Notice the following ListenFor elements:

        <Command Name="MSDNSearch">
           …
            <ListenFor> Search [for] {dictatedSearchTerms} </ListenFor>
           …
        </Command>
        <Command Name="MSDNNaturalLanguage">
            …
            <ListenFor> {naturalLanguage} </ListenFor>
            …
        </Command>

Both of these elements contain a label inside curly brackets which refers to the PhraseTopic elements defined towards the bottom. First dictatedSearchTerms is defined as:

        <PhraseTopic Label="dictatedSearchTerms" Scenario="Search">
            <Subject> MSDN </Subject>
        </PhraseTopic>

A PhraseTopic is a new element in 8.1 which specifies a topic for large vocabulary definition. What this means is that the voice input goes up to the cloud where it is recognized against the same large vocabulary of words that Cortana uses for its built-in functions. The Scenario attribute is used to guide the recognition. Valid values are “Natural Language”, “Search”, “Short Message”, “Dictation” (the default), “Commands”, and “Form Filling”. The Subject child element specifies a subject specific to the parent PhraseTopic’s Scenario attribute to further refine the relevance of speech recognition results.

So the command that uses this ListenFor definition allows free speech searches in MSDN.

The second ListenFor element has no fixed command terms at all:

<ListenFor> {naturalLanguage} </ListenFor>

Where naturalLanguage is defined as:

        <PhraseTopic Label="naturalLanguage" Scenario="Natural Language">
            <Subject> MSDN </Subject>
        </PhraseTopic>

Effectively, this defines an ‘anything goes’ command, so this can recognize a query such as “I want to know about xyz”. Consider this a free-form alternative to the other, more rigid, command labelled MSDNSearch where the ListenFor elements define fixed components of the speech command (‘Find’, ‘Search’) that must be present for recognition to succeed.

But how then does the app know what it should do when “Natural Language” speech input is recognized? There’s no magic here, you have to code your app to search for elements in the recognized speech that have relevance to that apps problem domain. The MSDN Voice Search sample app (link in the ‘Further Reading’ section at the end) is coded to recognise variants on ‘Take me to the Windows Dev Center’ and if that isn’t found falls back to a default of a search on Bing for whatever speech input was recognized. We’ll look at how this is done in just a moment.

Handing Speech Commands in your app

I’m not going to go into all the coding techniques used to handle voice activation here. Watch the BUILD video (link below in ‘Further Reading’) for an excellent overview of handling voice activation in both Silverlight and Windows Runtime apps, and download the sample app (link also below). But I will just call out how to handle Natural Language input.

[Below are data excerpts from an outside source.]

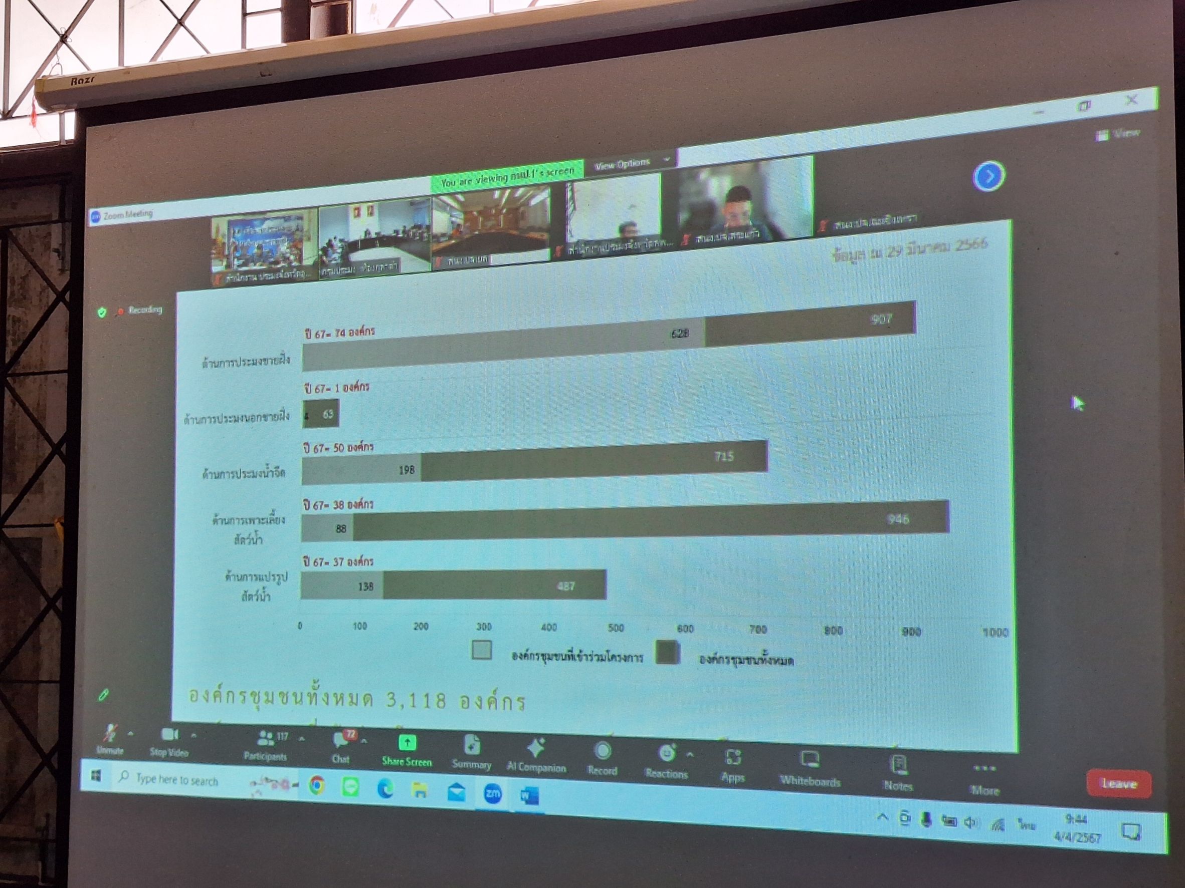 นายสุนทร รุ่งเรือง หัวหน้ากลุ่มบริหารจัดการด้านการประมง นายเอกชัย ปัญญาแก้ว เจ้าพนักงานประมงปฏิบัติงาน นายสุวิทย์ พัชนี นักวิชาการประมง และนางสาวลลิตา อมรสิน เจ้าพนักงานประมง เข้าร่วมการประชุมคณะกรรมการขับเคลื่อนการดำเนินงานโครงการสร้างความเข้มแข็งกลุ่มการผลิตด้านประมง ครั้งที่ 1/2567 เพื่อติดตามความก้าวหน้าการดำเนินโครงการฯ ซึ่งมีประเด็นเกี่ยวข้องกับสำนักงานประมงจังหวัด ผ่านระบบประชุมทางไกล Zoom Meeting ห้องประชุมกุลาดำ ชั้น 7 โดยมีนายสุชาติ แสงจันทร์ ผู้ตรวจราชการกรมประมง เป็นประธาน
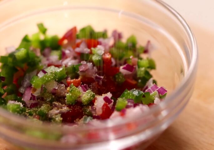 Prepare tomato mixture: In a separate bowl, combine chopped tomatoes, onion, jalapeño, a pinch of salt to taste, and garlic powder. Stir to combine.
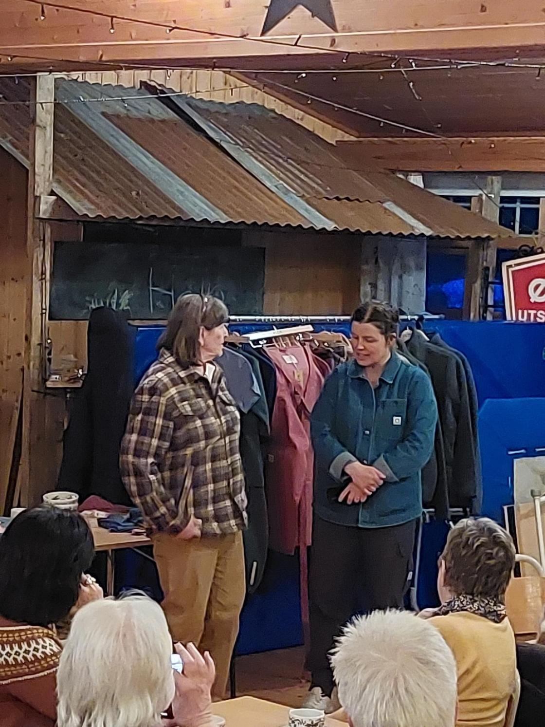 Kristin og Mari frå FLOR hadde rigga opp utstilling av kleda sine.
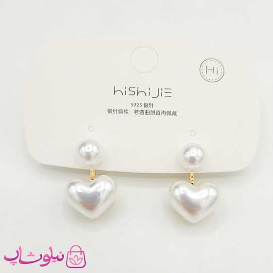 گوشواره زنانه میخی با طرح قلب مرواریدی

The sample app contains the following code for handling this:

        /// <summary>
        /// Given a query string from the user, attempts rudimentary "natural language" string processing in an
        /// effort to derive a specific, curated action from the text; if a match is found, that curated action
        /// is taken. If not, the string is unhandled and should be handled elsewhere.
        /// </summary>
        /// <param name="query"> the query to attempt processing and action upon </param>
        /// <param name="actSilently"> whether or not to only take actions without audio feedback </param>
        /// <returns></returns>
        private bool TryHandleNlQuery(string query, bool actSilently)
        {
            // There are a variety of ways to say things like "I want to go to Windows Phone Dev Center"; let's load
            // some alternatives for the key components of this.
            string[] intentMarkers = AppResources.NaturalLanguageCommandIntentMarkers.Split(new char[] { ';' });
            string[] wpDevCenterNames = AppResources.WPDevCenterNames.Split(new char[] { ';' });

            int intentIndex = -1;
            int destinationIndex = -1;

            Uri destinationUri = null;
            string confirmationTts = null;

            // First we'll try to find a match for the "intent marker," e.g. "go to"
            foreach (string marker in intentMarkers)
            {
                intentIndex = query.IndexOf(marker, StringComparison.InvariantCultureIgnoreCase);
                if (intentIndex >= 0)
                {
                    break;
                }
            }

            if (intentIndex >= 0)
            {
                // Now we'll try to figure out a destination--if it comes after the intent marker in the string, we'll
                // store the destination and spoken feedback.
                foreach (string wpDevCenterName in wpDevCenterNames)
                {
                    destinationIndex = query.IndexOf(wpDevCenterName, StringComparison.InvariantCultureIgnoreCase);
                    if (destinationIndex > intentIndex)
                    {
                        destinationUri = new Uri(AppResources.WPDevCenterURL);
                        confirmationTts = AppResources.SpokenWPDevCenterSsml;
                        break;
                    }
                }
            }

            // If we found a destination to go to, we'll go there and--if allowed--provide the corresponding spoken
            // feedback.
            if (destinationUri != null)
            {
                if (!actSilently && (confirmationTts != null))
                {
                    StartSpeakingSsml(confirmationTts);
                }

                StartBrowserNavigation(destinationUri);
            }

            // If we found a destination, we handled the query. Otherwise, it hasn't been handled yet.
            return (destinationUri == null); ;
        }

That’s a lot of code, and essentially all it does is look for a number of different variants on ‘I want to go to the Windows Dev Center’. Key to understanding it is knowing that in the Resources file, the command intents and variations for the dev center name are defined:

NaturalLanguageCommandIntentMarkers: show me;go to;take me to;bring up;navigate to;launch
WPDevCenterNames: Phone Dev Center;Phone Developer Center

So all the code shown above actually does is to search for a match on the recognized text for one of the NaturalLanguageCommandIntentMarkers, followed by one of the options for WPDevCenterNames. If it matches then the app takes you to the Windows dev center. If you follow through on the sample code, you’ll see that if no match is found, then the default fallback action is just to invoke a Bing search for the recognized text.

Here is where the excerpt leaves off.